When one of the Celinettes was little one of my sisters gave her a cardboard cut out model of a wizard's castle for Christmas. We spent many winter evenings making it, she would do the rough cutting out while I would do the fiddly bits that needed a sharp scalpel. All the time she would be making up and telling me stories about the young wizards, witches and other characters who inhabited the building we were making at the time. Once it was finished she continued to play with it for years. 

My other sister saw this but instead of thinking 'there's a little girl with a big imagination who likes wizards and stories' she must have thought 'there's a little girl who likes card models'. She gave her a model of Stonehenge for Christmas. With the castle we could make one building per night. With Stonehenge it was one stone. She lost interest on day 2. I persevered for about three winters, it being very fiddly and excruciatingly dull, but eventually completed it. 
















And then it was put on the top of a bookcase and sat gathering dust for several years.

But what did we all used to do with broken / unwanted Airfix kits?
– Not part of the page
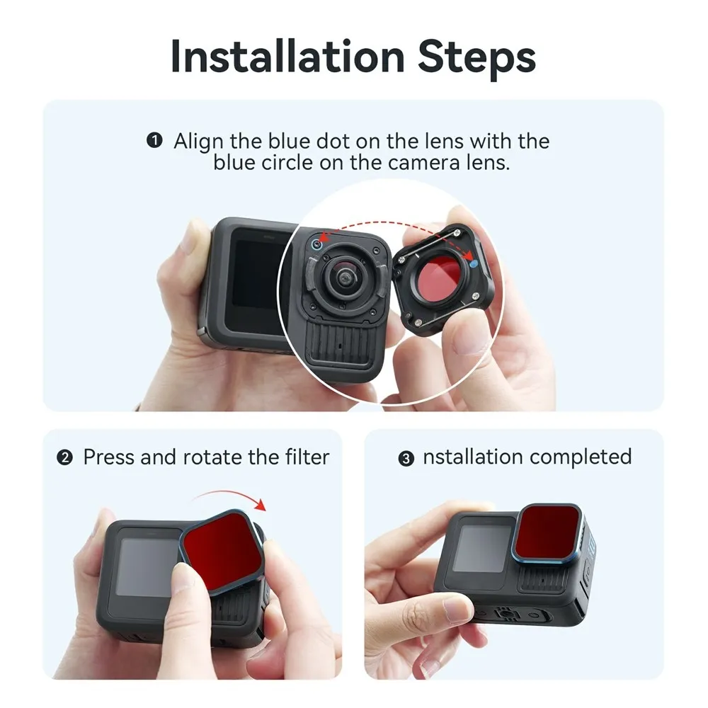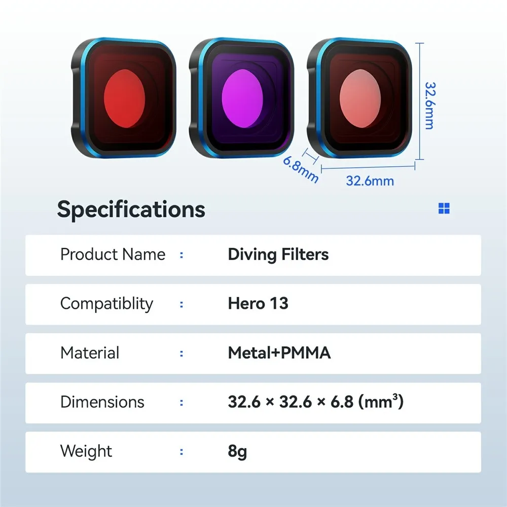 A szűrő kompatibilis a GoPro Hero 13, 12, 11, 11 Mini, 10 és 9 modellekkel, és ideális kiegészítő a víz alatti felvételek minőségének javításához rekreációs és sportbúvárkodás során.

Today is the summer solstice, so what better day to let the sun have it's revenge..... 






We can only imagine the terror experienced by the miniature druids as they are suddenly confronted with the apocalyptic sight of the first puffs of smoke pouring from one of the stones, while Rusty the giant chicken god looks on ready to pick off anyone who tries to escape. 

Unfortunately the sun was a bit intermittent and although the stone I was aiming at was soon smouldering there weren't enough flames. Cue the weed wand / flamethrower for full ignition.











Stonehenge is now utterly destroyed by fire. Should the summer be hot and sunny, you know who to thank.


----------